Senate approves ban on antigay bias in workplace

New York TimesNovember 7, 2013 

WASHINGTON — The Senate on Thursday approved a ban on discrimination in the workplace based on sexual orientation and gender identity, voting 64 to 32 in a bipartisan show of support that is rare for any social issue. It was the first time in the institution’s history that it had voted to include gay, lesbian, bisexual and transgender people in the country’s nondiscrimination law.

Despite initial wariness among many Republicans about the bill, 10 of them voted with 54 members of the Democratic majority to approve the measure.

But nothing is guaranteed in the House, where Speaker John A. Boehner has repeatedly said he opposes the bill.

President Obama hailed the Senate action and urged House Republican leaders to bring the bill to the floor for a vote.

“One party in one house of Congress should not stand in the way of millions of Americans who want to go to work each day and simply be judged by the job they do,” Mr.

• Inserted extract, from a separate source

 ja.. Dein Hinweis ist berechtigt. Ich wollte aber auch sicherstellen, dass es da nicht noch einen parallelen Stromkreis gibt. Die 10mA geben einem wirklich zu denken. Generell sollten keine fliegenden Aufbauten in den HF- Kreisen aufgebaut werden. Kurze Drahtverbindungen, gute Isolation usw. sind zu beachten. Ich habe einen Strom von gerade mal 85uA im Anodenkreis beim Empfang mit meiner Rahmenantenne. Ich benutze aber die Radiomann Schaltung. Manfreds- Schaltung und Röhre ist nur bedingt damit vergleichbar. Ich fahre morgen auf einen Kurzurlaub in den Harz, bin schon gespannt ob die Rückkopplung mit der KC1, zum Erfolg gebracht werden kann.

Obama said in a statement. “Now is the time to end this kind of discrimination in the workplace, not enable it.”

Senator Harry Reid, the majority leader, said on Thursday that “the time has come for Congress to pass a federal law that ensures all citizens, regardless of where they live, can go to work not afraid of who they are.” He noted that a vast majority of Americans already think such a law is in place. “Well, it isn’t already the law,” he added. “Let’s do what the American people think already exists.”

Senate Republicans who voted against the bill, known as the Employment Nondiscrimination Act, were muted in their opposition. The first senator to rise and speak against the bill on the floor all week was Dan Coats of Indiana, who said Thursday morning that religious freedoms were at risk, despite the bill’s broad exemption for religious institutions.

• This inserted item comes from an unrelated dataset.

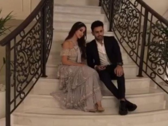 أسيل عمران اختارت فستاناً ناعم التفاصيل، جاء تصميمه بانسيابية من طبقات الشيفون المتدلية والمطعمة برسومات ورود صغيرة بيضاء من "التل"، مع تزيين منطقة الصدر بـ "فيونكة" كبيرة لافتة.

Those exemptions, he said, did not go far enough.

“We can’t pick and choose when to adhere to the Constitution, and when to cast it aside,” Mr. Coats said. “The so-called protections from religious liberty in this bill are vaguely defined and do not extend to all organizations that wish to adhere to their moral or religious beliefs in their hiring practices.”

The bill includes a number of protections for religious entities, some of which were added this week to gain more Republican support. It now contains a provision that says no federal agency or state or local government that accepts money from the federal government can retaliate against religious institutions for not complying. This would include actions like denying them tax-exempt status, grant money, licenses or certifications.

The institutions that are exempt from the bill include churches, synagogues and mosques that are expressly religious in nature. This would also extend to schools or retail stores affiliated directly with churches, but it would not apply to those that have only loose religious affiliations.